Delta struggles to take flight after global system outage

Delta struggles to take flight after global system outage

LONDON - The Associated Press
Delta struggles to take flight after global system outage

REUTERS photo

Delta Air Lines delayed or canceled hundreds of flights on Aug. 8 after its computer systems crashed, stranding thousands of people on a busy travel day.

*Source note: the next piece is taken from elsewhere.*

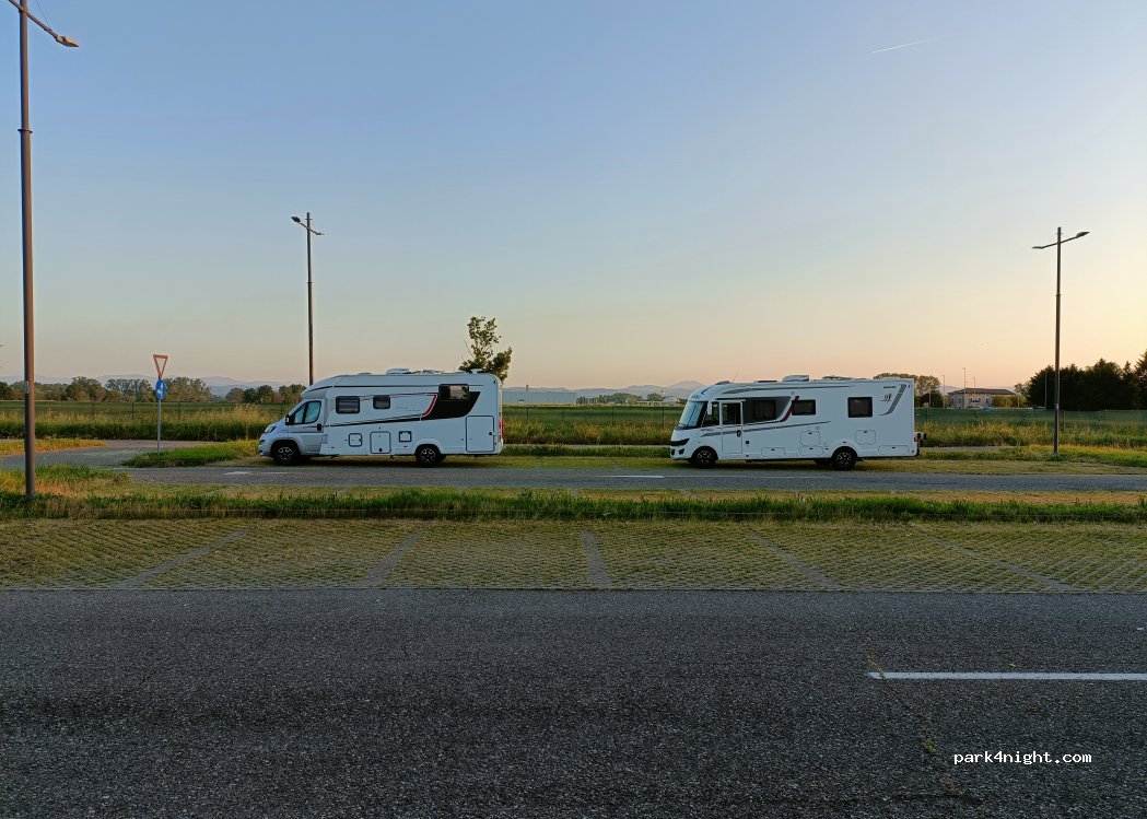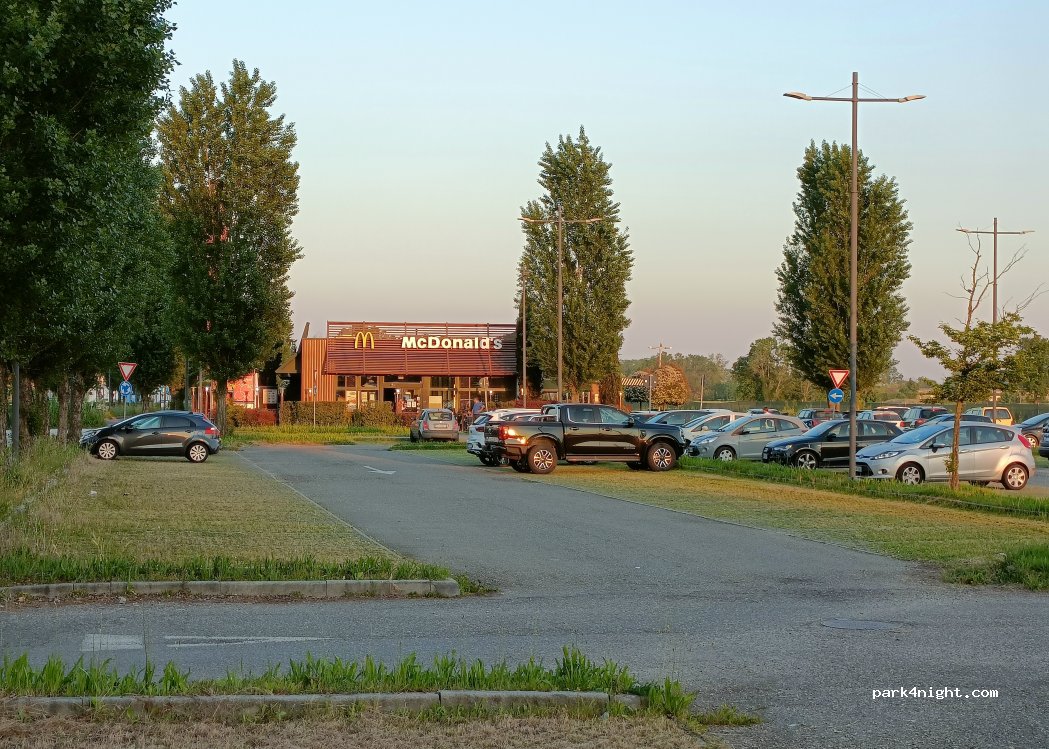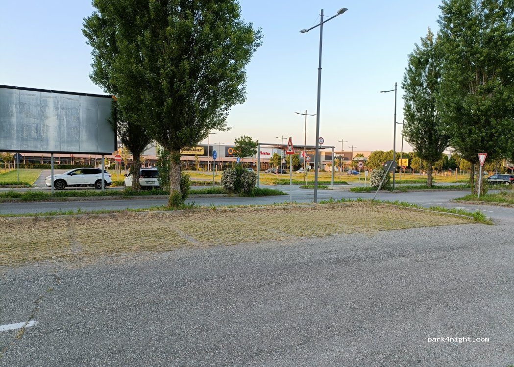 Si tratta della parte più esterna del parcheggio del centro commerciale (non dell'outlet), adatto ad ogni tipo di camper. Nessun servizio e a parte di un po' di movimento verso il Mc Donald, abbiamo dormito tranquillamente.

Limited flights resumed about six hours into the outage, but passengers remained stranded by ongoing cancellations and flight delays.
     
A power outage at an Atlanta facility around 2:30 a.m. Eastern started the cascading meltdown, according to the airline, which is also based in Atlanta.
     
Flights that were already in the air when the outage occurred continued to their destinations, but flights on the ground remained there. Over the next several hours, only a handful of flights took off instead of the usual hundreds, according to flight-tracking services.
     
Airlines depend on huge, overlapping and complicated technology systems to operate flights, schedule crews and run ticketing, boarding, airport kiosks, websites and mobile phone apps. Even brief outages can snarl traffic and cause long delays.
     
A spokesman for Georgia Power told The Associated Press that the company believes failure of Delta equipment caused the airline's power outage. He said no other customers lost power.
     
A Delta spokesman said he had no information on the report.
     
In Richmond, Virginia, Delta gate agents wrote out boarding passes by hand. In Tokyo, a dot-matrix printer was resurrected to keep track of passengers on a flight to Shanghai.
     
Technology that appeared to be working was sometimes giving inaccurate information. Flight-status systems, including airport screens, incorrectly showed flights on time, something the company said it was trying to fix.
     
"Not only are their flights delayed, but in the case of Delta the website and other places are all saying that the flights are on time because the airline has been so crippled from a technical standpoint," said Daniel Baker, CEO of tracking service FlightAware.com.
     
Delta issued an apology to customers and said teams were attempting to fix the problem as quickly as possible.
     
Many passengers, like Bryan Kopsick, 20, from Richmond, were shocked that computer glitches could cause such turmoil.
     
"It does feel like the old days," Kopsick said. "Maybe they will let us smoke on the plane, and give us five-star meals in-flight too! "
     
In Las Vegas, stranded passengers were sleeping on the floor, covered in red blankets. When boarding finally began for a Minneapolis flight - the first to take off - a Delta worker told people find friends who had wandered away from the gate area, or who might be sleeping off the delays.
     
Early confirmation of the troubles first came in an official account that responds to customers via Twitter. The company had said its IT systems were down "everywhere." Several applications were affected, including the company's website.
     
Among those affected was Tanzie Bodeen, 22, a software company intern from Beaverton, Oregon. She left home at 4 a.m. to catch a flight from Minneapolis and learned about the delays only when she reached the airport and saw news crews gathered at the door.
     
Bodeen said that passengers were taking the matter in stride. "It doesn't seem really hostile yet," she said.
     
The company said travelers will be entitled to a refund if the flight is cancelled or significantly delayed. Travelers on some routes can also make a one-time change to the ticket free of charge.
     
Computer outages are a periodic plague for airlines. Last month, Southwest Airlines canceled more than 2,000 flights over several days after an outage that it blamed on a faulty network router. Unions called for the airline to replace the CEO, but the board gave him a vote of confidence.
     
Investors shrugged off Delta's IT mishap. In morning trading, shares of Delta Air Lines Inc. rose 43 cents, to $38.10.